When US President Barack Obama lifted the funding ban for research on human embryonic stem cells earlier this month, he did not mention the Dickey-Wicker amendment--legislation that forbids the use of federal funds for research that destroys or creates embryos. It was a missed opportunity to begin a necessary conversation.
There was no ban, but never mind. The point is that Nature wants to destroy Dickey:

In force since 1996, the Dickey-Wicker amendment badly needs updating to fit the current research reality, if not outright repeal...Both the Dickey–Wicker amendment and the new guidelines on human embryonic stem-cell research being drawn up by the National Institutes of Health merit an intense national conversation. In particular, that dialogue should thoroughly explore attitudes towards studying different types of embryos--not just those left over from fertility procedures, but also those that might be specially created for research.
See, the assurances--oft stated--that all "the scientists" want are "leftover" embryos that were "going to be destroyed anyway" was always hogwash, part of a sophisticated propaganda campaign intended to unfetter biotech from any meaningful limitations on the instrumental use of nascent human life. Yet, despite these editorials, the "leftovers" meme will continue to drive most media reports.
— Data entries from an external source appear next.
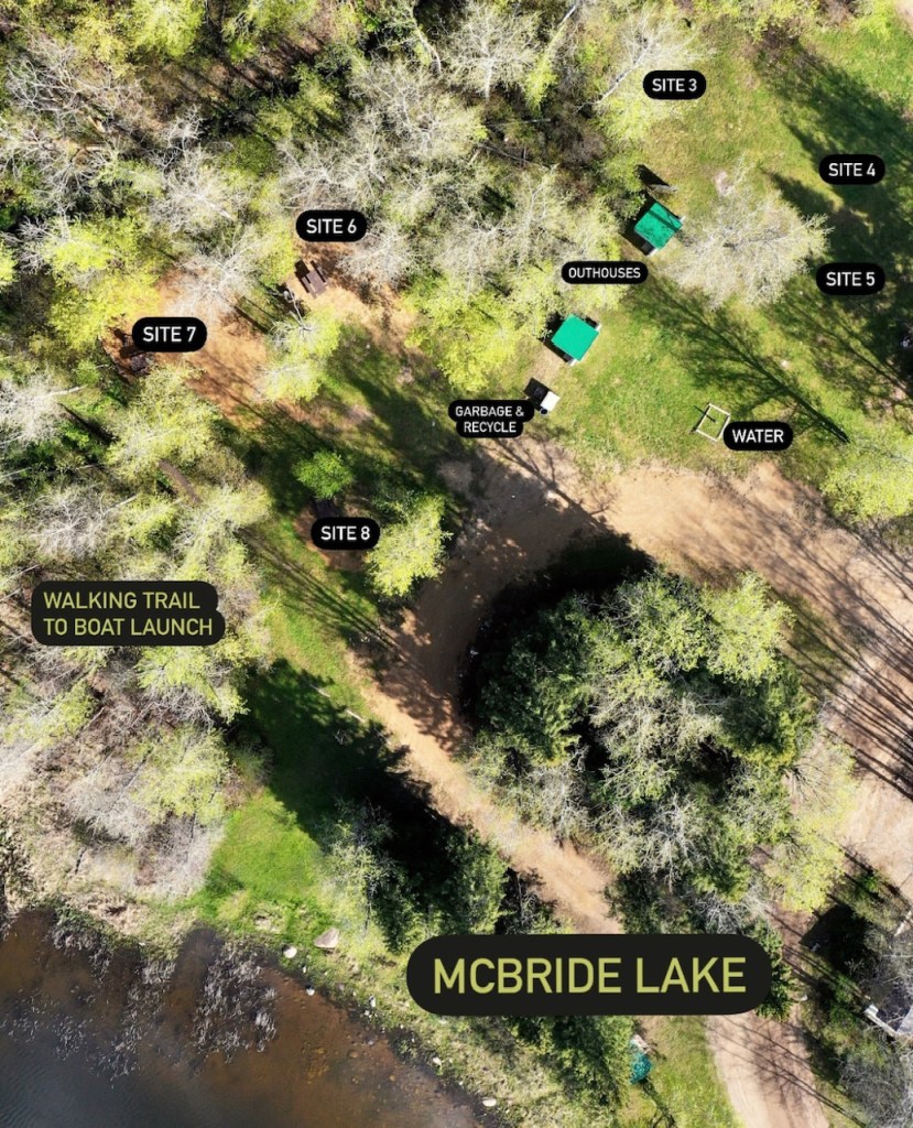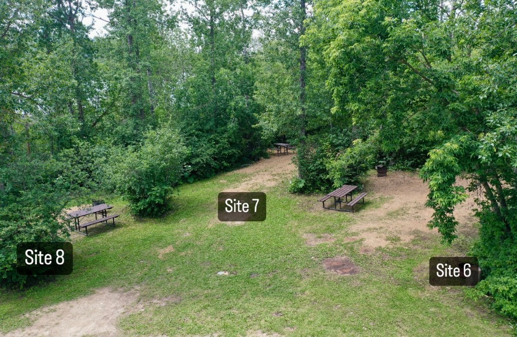 Each site includes a fire pit, a free bucket of wood and picnic table.
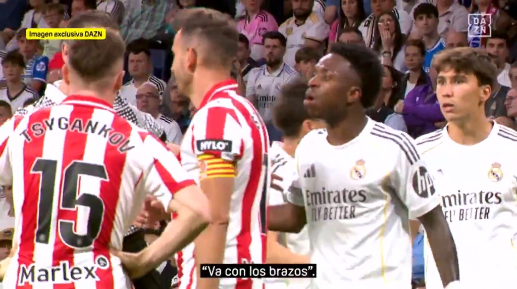 当时场上比分为1-1。转播镜头拍到,皇马球员不断向主裁施压,贡萨洛说道:“去看看吧,去看回放吧。”维尼修斯则表示表示:“他是张着手臂去的。”这次碰撞导致姆巴佩眉骨处被划伤,赛后他接受了3针缝合。DAZN解说在节目中表示,阿尔韦罗拉看到了这次肘击,也看到了姆巴佩流血和他的反应。
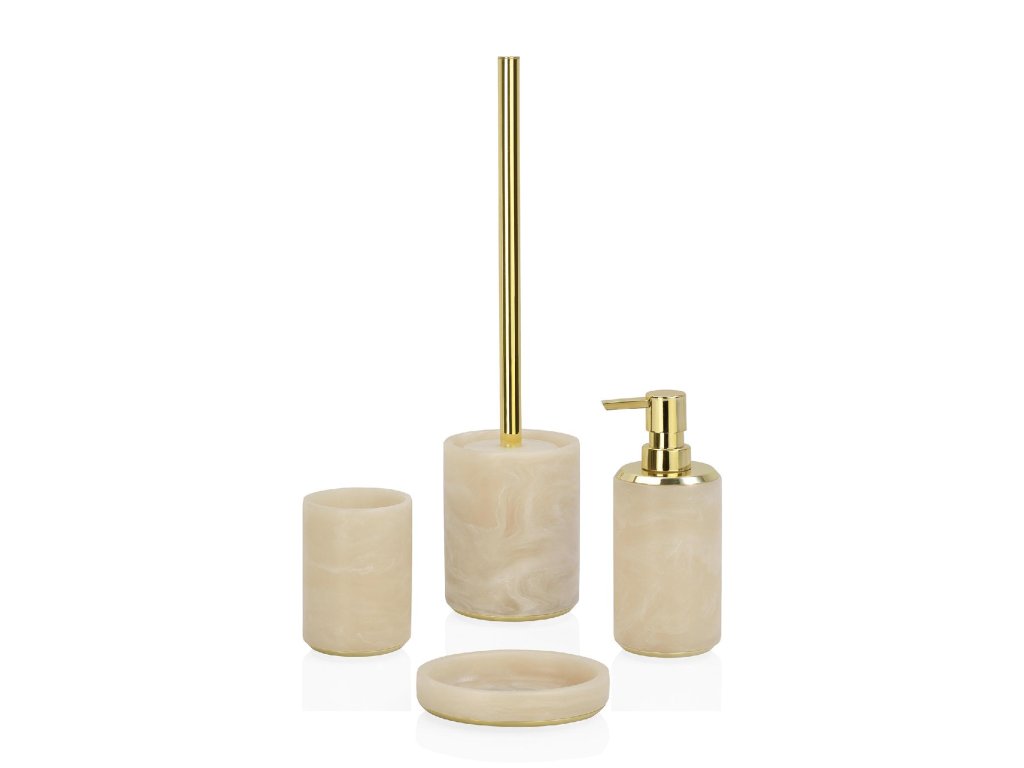 WC štětka Cloudy Gold tvoří dokonalý set s dalšími koupelnovými doplňky ze stejné kolekce – dávkovačem mýdla, kelímkem na kartáčky a mýdlenkou. Společně vytvářejí harmonický celek, který dodá vaší koupelně elegantní, sladěný a moderní vzhled.
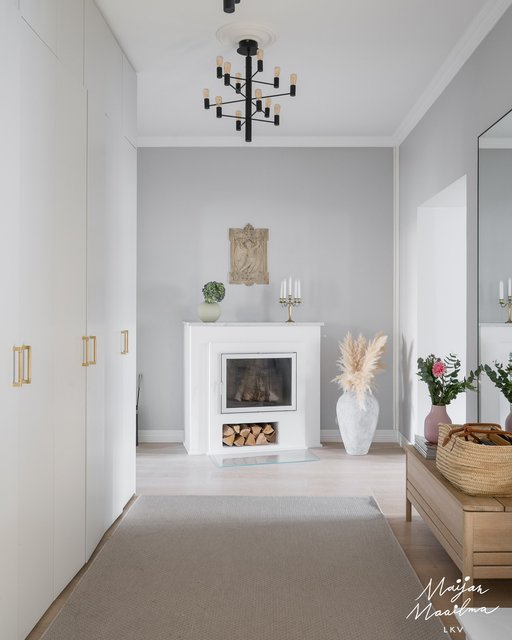 - Eteishalli: Tammiparkettilattia, maalatut seinät. Vaatekaapistot. Puiset portaat ullakkokerrokseen. Takka.

Nature also wants to continue the word engineering project we have discussed here over the last several years:
A key requirement for productive dialogue is a common frame of reference. Here, the [me: scientifically accurate] word 'embryo' is a stumbling block. This term refers to everything from a newly fertilized single-celled egg to millions of cells organized into eyelids, ears, genitals and limbs. Yet the latter form, which is present some eight weeks after fertilization, is not only ethically unacceptable for research but also far too old to yield embryonic stem cells.
Why is it ethically unacceptable? Nature doesn't say. And why should anyone believe that embryonic stem cells are "all" that "the scientists" are interested in? I mean, why would anyone believe this platitudinous assurance, when the "leftovers only" promise proved so patently false?
Indeed, some studies indicate that germ stem cells, that develop at about 6 weeks, might be better than embryonic stem cells. We have already seen calls for using fetuses as sources of organs and fetal farming, which would be even more pronounced if cloning were added to the mix to do away with the immune rejection issue. Beyond that, imagine the potential for testing drugs in fetuses,particularly fetuses genetically engineered to have certain medical maladies. Anyone who thinks that embryonic stem cells are the ultimate goal of all of this just hasn't been paying attention.

Here's the bottom line: Now that Big Biotech and its supporters in Big Science and the MSM believe they are in the driver's seat with regard to ESCR, they are intent on pushing the boundaries to the next of many stages--federal funding for the creation and destruction of custom made embryos, including via cloning. But of course, that was the plan all along.